In contrast, he explains:

In public, my father and mother spoke a hesitant, accented, not always grammatical English. And they would have to strain—their bodies tense—to catch the sense of what was rapidly said by los gringos. At home they spoke Spanish. The language of their Mexican past sounded in counterpoint to the English of public society. The words would come quickly, with ease. Conveyed through those sounds was the pleasing, soothing, consoling reminder of being at home.

Clearly dividing Spanish as a private language and English as a public language, Richard views English as a "tool to run his mother's errands". Everything spoken in English belongs to his public life. He was to be Spanish at home only.


During those years when I was first conscious of hearing, my mother and father addressed me only in Spanish; in Spanish I learned to reply. By contrast, English (ingles), rarely heard in the house, was the language I came to associate with gringos. I learned my first words of English overhearing my parents speak to strangers. At five years of age, I knew just enough English for my mother to trust me on errands to stores one block away. No more.

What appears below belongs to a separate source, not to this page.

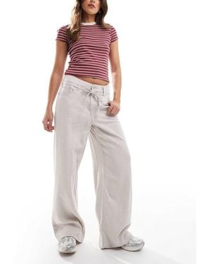 Xl Straight Linen Blend Trousers With Tie Waist - White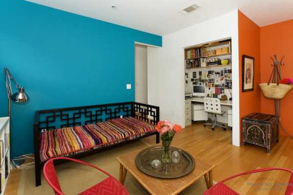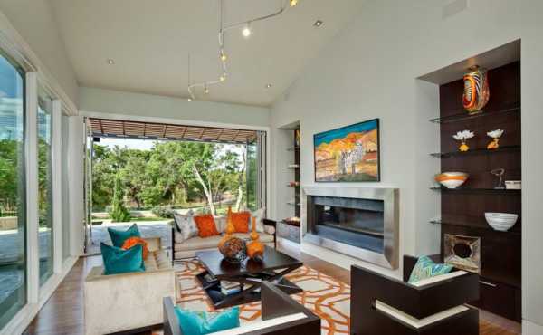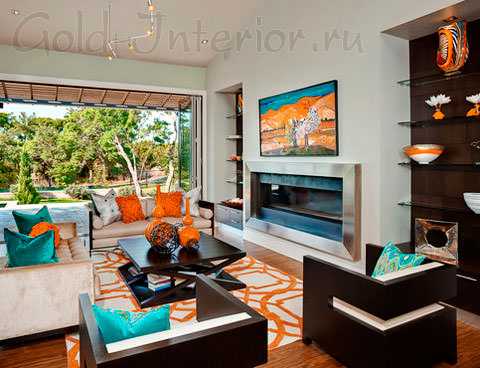 Сочетание оранжевого и бирюзового цвета в просторной гостиной

Therefore, a child who is becoming exposed to English more so than his parents, will end up assimilating the target language as much as their own native tongue. The unique way in which the Rodriguez family spoke gave them their their family identity. Speaking English, will no longer be a public language for Richard and will become also a part of his social and private lives. The two worlds will merge, and Richard will no longer be a Mexican kid, but full fledged American.